Она схватила ночную рубашку, натянула ее прямо на мокрую кожу и бросилась в комнату, где юркнула под одеяло на своей кровати, уткнулась в подушку и приказала себе заснуть.
Митя все себе представлял совсем не так. Он не рассчитывал на легкий разговор, не думал, что родители поймут его и отпустят с миром, что Долгорукие сразу его простят. Но то, что ради этого соберут внеплановое Вече, он точно не предполагал.
Прошедший вечер теперь казался выдумкой. Митя помнил прикосновение трав, покачивание нежных сиреневых бутонов у ног, но сейчас, сидя в тускло освещенном кабинете, который примыкал к залу собраний, понимал: не было еще в поле ни высокой травы, ни уж тем более цветов. Откуда взяться им там в самом начале мая? Сон-трава с ее бархатными лепестками стелилась ковром в лесах, на прогалинках звенела ветреница, но поле, по которому вчера он шел с Василисой, укрывали мертвые стебли прошлогоднего травостоя.
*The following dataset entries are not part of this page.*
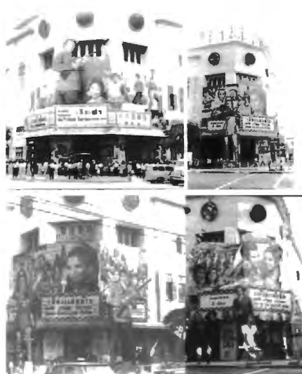
รูปที่ 4.31 การทำประชาสัมพันธ์หน้าโรงภาพยนตร์ จากเรื่อง เสือเฒ่า เมืองแม่หม้าย และ แก้วสารพัดนึก จาก
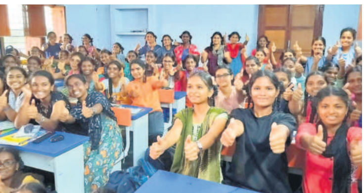
మునుగోడులోని బాలికల గురుకుల విద్యార్థినులు

రాష్ట్ర ప్రభుత్వం ఉమ్మడి జిల్లా వ్యాప్తంగా 90
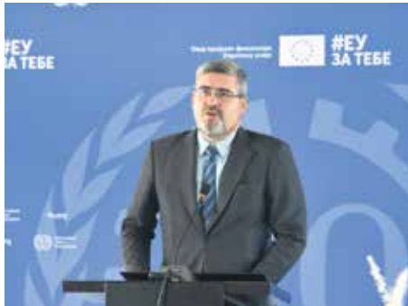
Министар Немања Старовић на представљању пројекта о социјалном дијалогу

Старовић је указао да је у времену економских, социјалних, технолошких и еколошких изазова веома важно да се оснажи култура дијалога и да се разговара језиком чињеница и аргумената.
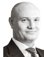
Schröder Vilhelm HANNES SNELLMAN ASIANAJOTOIMISTO OY
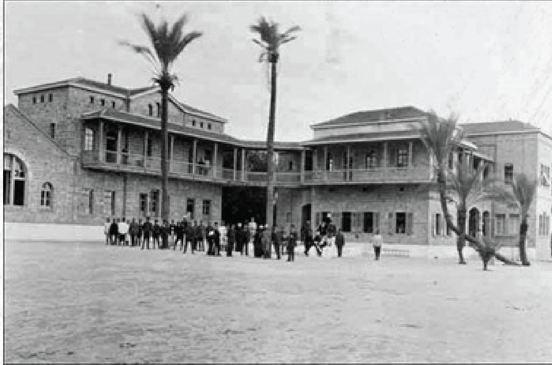
صورة قديمة للمستشفى المعمداني في غزة عام 1916
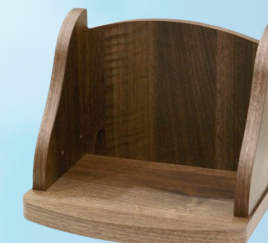
メモリアルステージ 2段
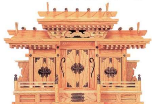
11-293-9 マス組付屋根違い三社(本けやき) ¥ 107,000 (W680・D250・H490)
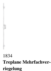
1834 Treplane Mehrfachverriegelung
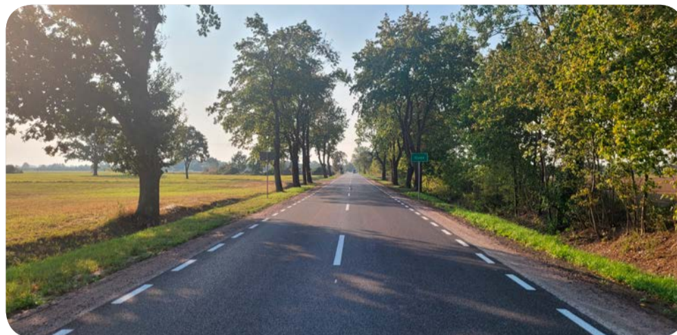
☞ Zakończono dwa pierwsze etapy przebudowy drogi Trutnowy – Osice

To jednak nie koniec inwestycji. Zgodnie z planami, realizowany będzie także trzeci etap na odcinku o długości 1,4 km. Dzięki tej inwestycji mieszkańcy i kierowcy będą mogli cieszyć się większym bezpieczeństwem na drogach w tym rejonie powiatu. Cała inwestycja kosztować będzie blisko 10 mln zł,
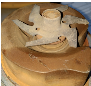
Figure 1: Coolant pump blade showing erosive wear caused by cavitation
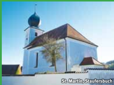
St. Martin, Staufersbuch
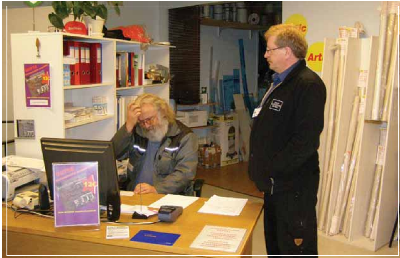
Ilkka palvelemaan Seppo Pesosta Lieksan Lukkosepiltä...
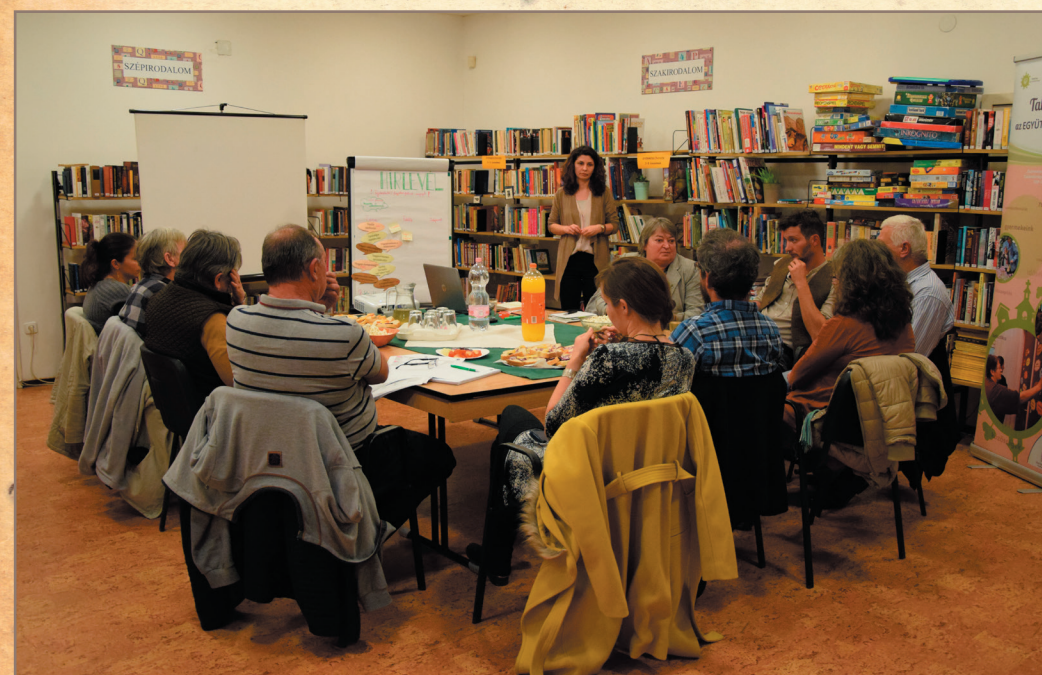
A Szemléletformáló Munkacsoport találkozója

lakosságának száma, január 1-i adat szerint 665-en vagyunk. Az önkormányzat saját bevételeit tekintve a Községi Ház termeinek béreltetéséből 346.000 Ft; irodabérletből, lakbérből és a Művészetek Völgyétől kapott támogatásból 1.572.000 Ft; a Dörögdi Durmoló szállásdíjából 6.415.000 Ft, míg a közhatalmi bevételekből – adókból – 13.000.000 Ft bevétel származott, ami összesen 21.333.000 Ft-ot jelent.

Митя осмотрелся. В рамках за мутными стеклами шкафов проглядывали старинные указы и заветы. Он комкал в руках серебряный плащ, раздумывая, стоит ли его теперь надевать. Скорее всего, плащ у него отберут, если лишат места в Совете. Конечно, утешал он себя, это всего лишь формальность. Он ведь не перестанет быть Муромцем только потому, что отец и мать больше не захотят его видеть. Сила его предков никуда не уйдет. Ему по-прежнему будут принадлежать сокровища семьи, зачарованные двери продолжат открываться от его прикосновений. Но что, если их решение на самом деле повлияет на его силу? Что, если особняк Муромцев и впрямь больше не впустит его только потому, что главы семьи нарекли его предателем? Как работает эта магия? От чего на самом деле зависит ее мощь?
Он размышлял об этом с удивившей его самого легкостью. Потребовалось несколько минут, чтобы разгадать ее причину: на самом деле он не верил, что все так обернется. Как могут родители отказаться от сына? Как все Светлое сообщество может ополчиться на человека из-за расторжения помолвки? Нет, конечно, ничего этого не будет. Но извиниться перед Долгорукими однозначно придется.
Он глянул на часы. Хотелось поскорее начать и закончить нелепое собрание. Сегодня вечером его ждало дело поважнее – встреча с Василисиной родней.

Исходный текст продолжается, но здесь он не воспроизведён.